* _WHAT YOU ARE ASKED TO DO_: The whole listing below needs to be duplicated exactly, pictures aside.

* _DATA BELOW_:

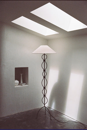 Penelope is an effortlessly striking piece very close to our hearts. She is elegantly balanced in her curves and details and holds an old-worldly energy that transcends trends allowing her to journey with you for decades to come. Penelope was dreamt of long ago and it is with much pride that we share her with you now. Be it a minimalist or maximalist setting, she’s certain to fit in any home. Penelope is accompanied by a carefully considered, eastern-inspired shade hand-made in Australia from soft white French linen.
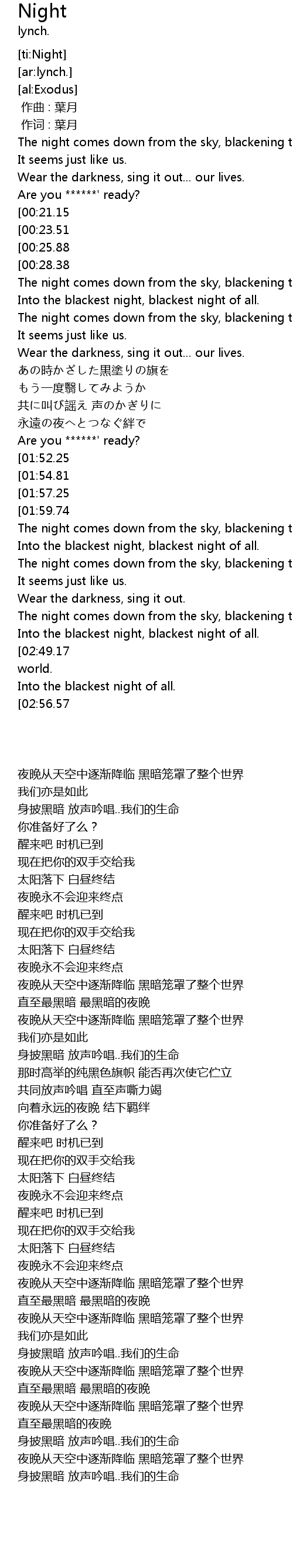 | [02:29.46] | The night comes down from the sky, blackening this whole world. |
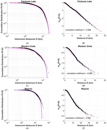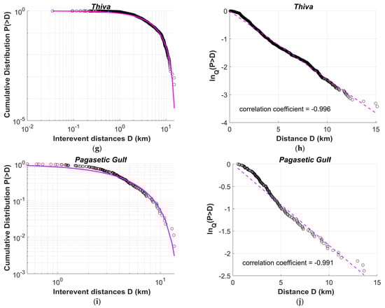 The Q-exponential distributions for the 2007 Trichonis Lake, the 2016 Western Crete and the 2021–2022 Nisyros swarms, describe well the observed scaling behavior for the values of qD = 0.75, Dq = 7.5 km and qD = 0.46, Dq = 8.62 km and qD = 0.48, Dq = 16.67 km, respectively. Furthermore, for the 2021–2022 Thiva and the 2022 Pagasetic Gulf swarms, the Q-exponential distributions describe well the observed P(>D) for the values of qD = 0.67, Dq = 5.47 km and qD = 0.46, Dq = 8.46 km. The interevent distances of the seismic activity deviate from the exponential function, indicating organization rather than random spatial occurrence []. The corresponding Q-logarithmic distributions approximate linearity with high correlation coefficients, indicating the goodness-of-fit between the model and the data. According to our results, the cumulative distribution functions of inter-event times and distances are quite well described with the Q-exponential function, with an entropic parameter q greater than one (q > 1) for inter-event times and less than one (q < 1) for the inter-event distances, further confirming the results of [,,,,].
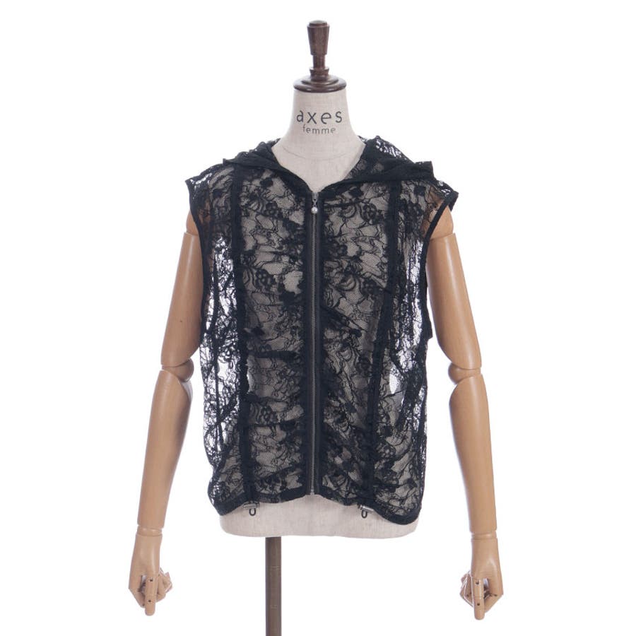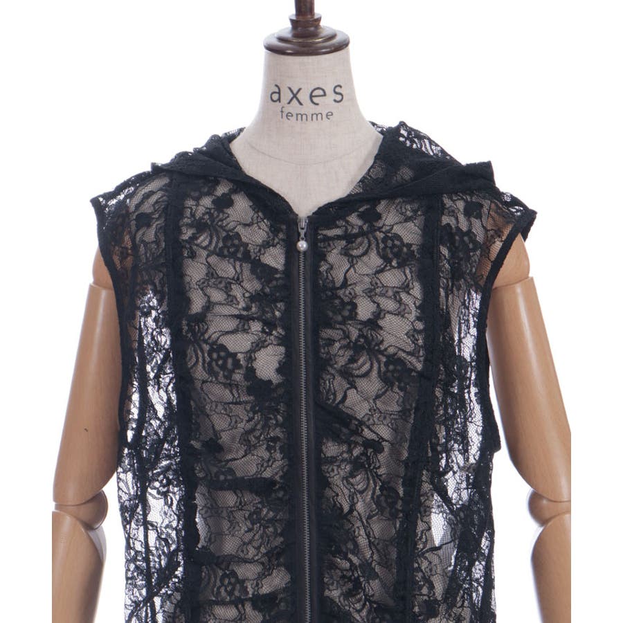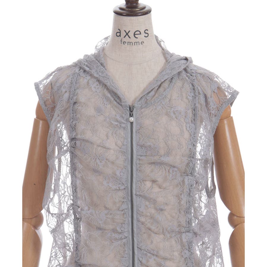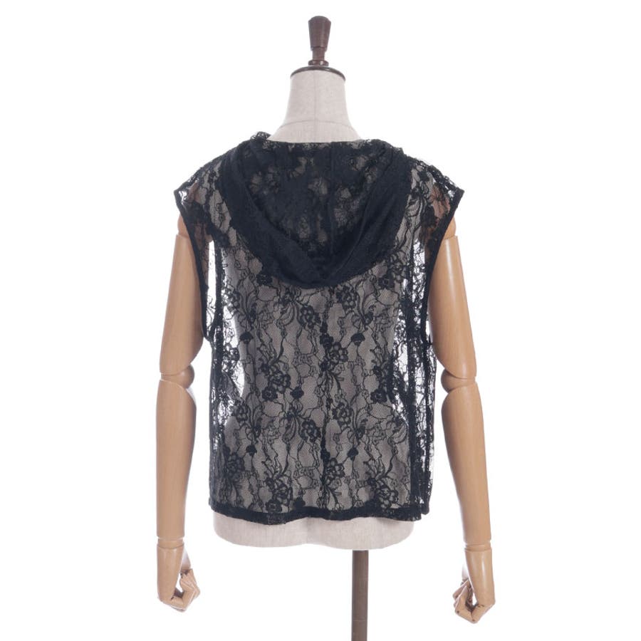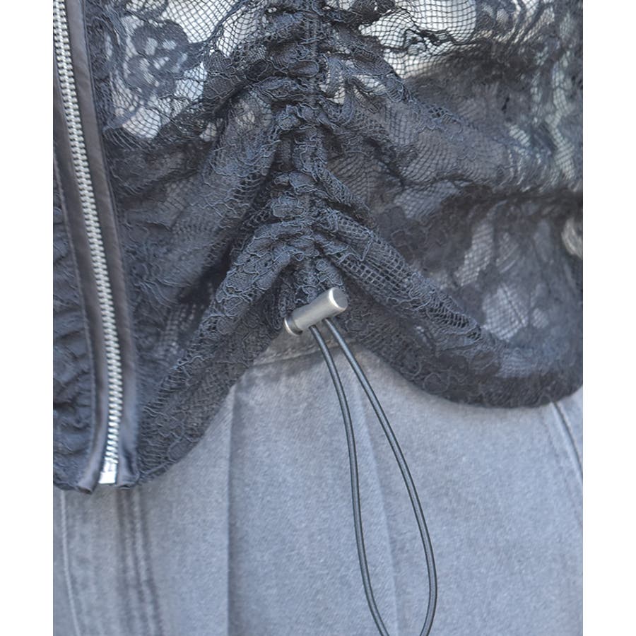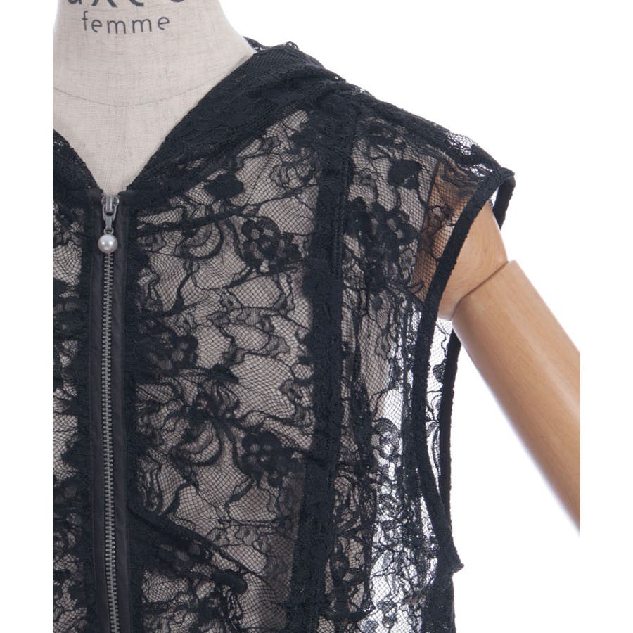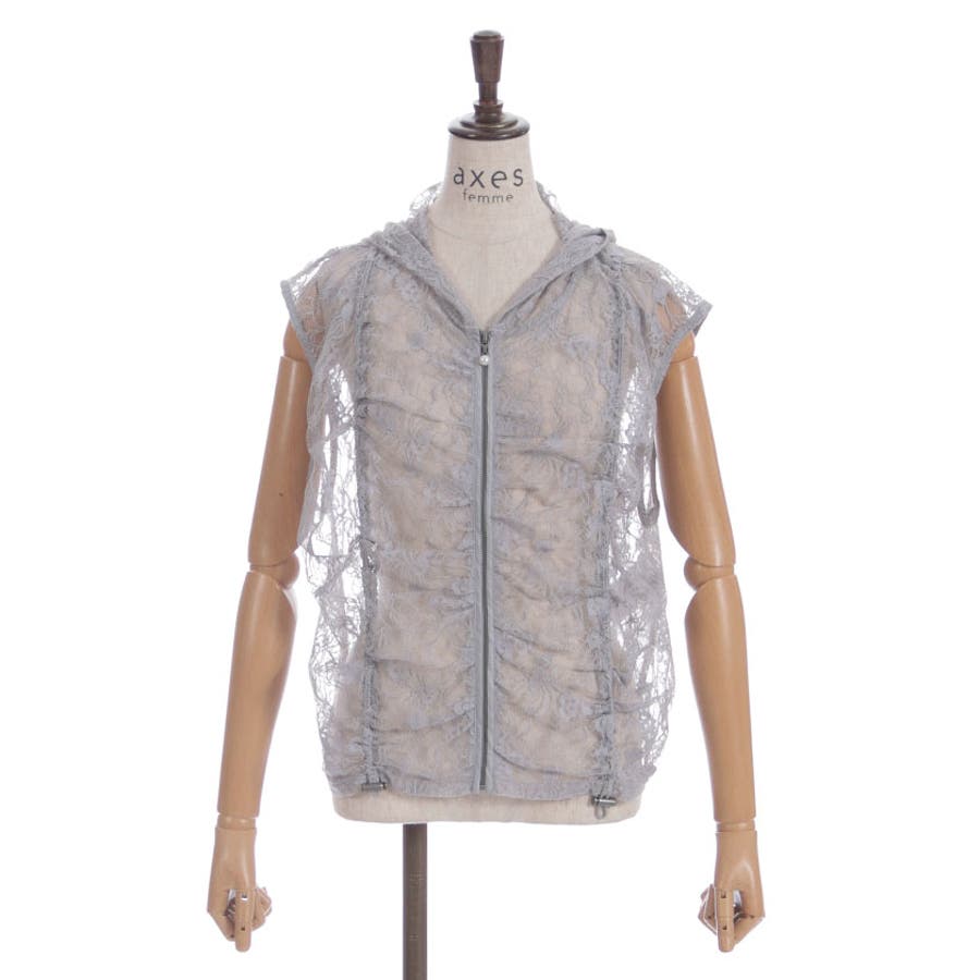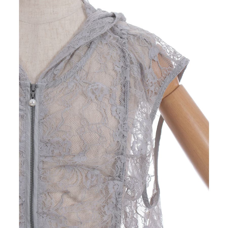 繊細なレース素材とドロストデザインが魅力のフード付きベストはレイヤードスタイルで一気にトレンドライクな印象に仕上がるアイテムです。

* _PROBLEM SOLUTION_:
 Penelope is an effortlessly striking piece very close to our hearts. She is elegantly balanced in her curves and details and holds an old-worldly energy that transcends trends allowing her to journey with you for decades to come. Penelope was dreamt of long ago and it is with much pride that we share her with you now. Be it a minimalist or maximalist setting, she’s certain to fit in any home. Penelope is accompanied by a carefully considered, eastern-inspired shade hand-made in Australia from soft white French linen.
 | [02:29.46] | The night comes down from the sky, blackening this whole world. |
 The Q-exponential distributions for the 2007 Trichonis Lake, the 2016 Western Crete and the 2021–2022 Nisyros swarms, describe well the observed scaling behavior for the values of qD = 0.75, Dq = 7.5 km and qD = 0.46, Dq = 8.62 km and qD = 0.48, Dq = 16.67 km, respectively. Furthermore, for the 2021–2022 Thiva and the 2022 Pagasetic Gulf swarms, the Q-exponential distributions describe well the observed P(>D) for the values of qD = 0.67, Dq = 5.47 km and qD = 0.46, Dq = 8.46 km. The interevent distances of the seismic activity deviate from the exponential function, indicating organization rather than random spatial occurrence []. The corresponding Q-logarithmic distributions approximate linearity with high correlation coefficients, indicating the goodness-of-fit between the model and the data. According to our results, the cumulative distribution functions of inter-event times and distances are quite well described with the Q-exponential function, with an entropic parameter q greater than one (q > 1) for inter-event times and less than one (q < 1) for the inter-event distances, further confirming the results of [,,,,].
 繊細なレース素材とドロストデザインが魅力のフード付きベストはレイヤードスタイルで一気にトレンドライクな印象に仕上がるアイテムです。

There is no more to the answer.